- ASSIGNMENT:
All that should come back is the lines of the data below from the one containing "Catalog of the" to the one containing "Map of Vermont", inclusive, exactly as they stand.

- INPUT DATA:
···

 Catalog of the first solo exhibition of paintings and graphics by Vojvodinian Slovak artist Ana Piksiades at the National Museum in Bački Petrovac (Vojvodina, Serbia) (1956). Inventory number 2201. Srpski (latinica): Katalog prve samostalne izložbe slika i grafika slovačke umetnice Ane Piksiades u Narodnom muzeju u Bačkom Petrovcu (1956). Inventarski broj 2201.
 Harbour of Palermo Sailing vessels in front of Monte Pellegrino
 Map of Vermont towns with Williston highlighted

···

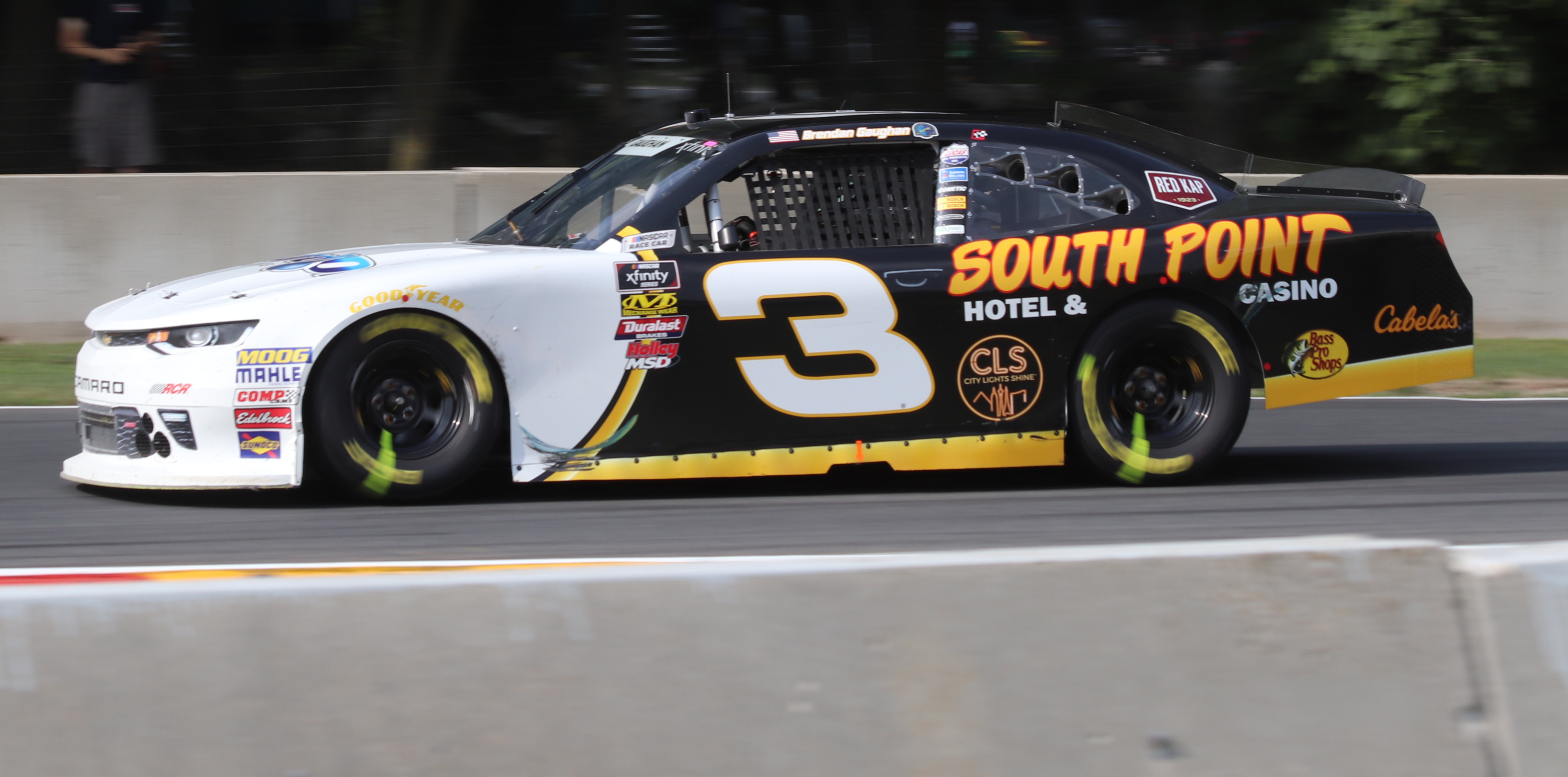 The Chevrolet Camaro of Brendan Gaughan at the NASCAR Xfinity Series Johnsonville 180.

···

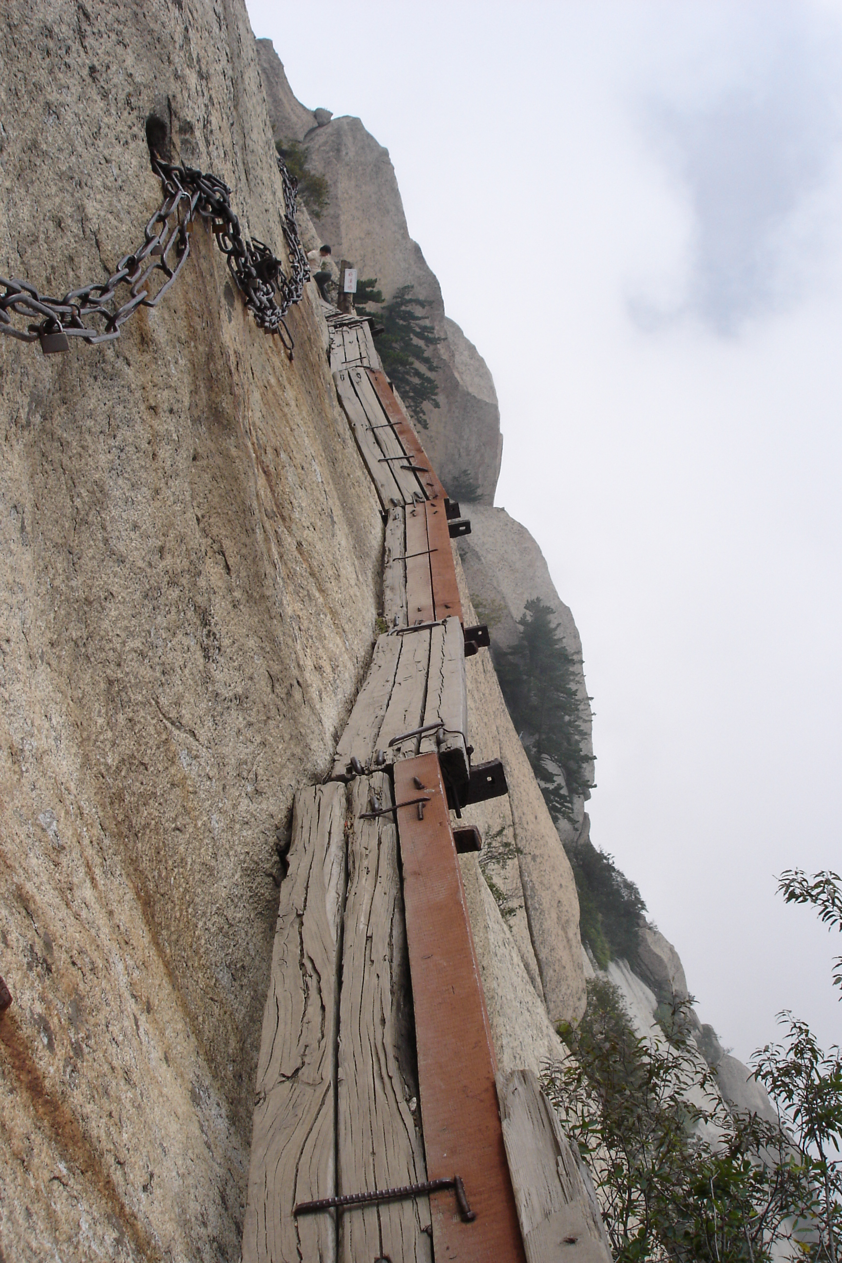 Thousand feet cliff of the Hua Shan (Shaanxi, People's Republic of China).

···

- ANSWER TO THIS TASK:
 Catalog of the first solo exhibition of paintings and graphics by Vojvodinian Slovak artist Ana Piksiades at the National Museum in Bački Petrovac (Vojvodina, Serbia) (1956). Inventory number 2201. Srpski (latinica): Katalog prve samostalne izložbe slika i grafika slovačke umetnice Ane Piksiades u Narodnom muzeju u Bačkom Petrovcu (1956). Inventarski broj 2201.
 Harbour of Palermo Sailing vessels in front of Monte Pellegrino
 Map of Vermont towns with Williston highlighted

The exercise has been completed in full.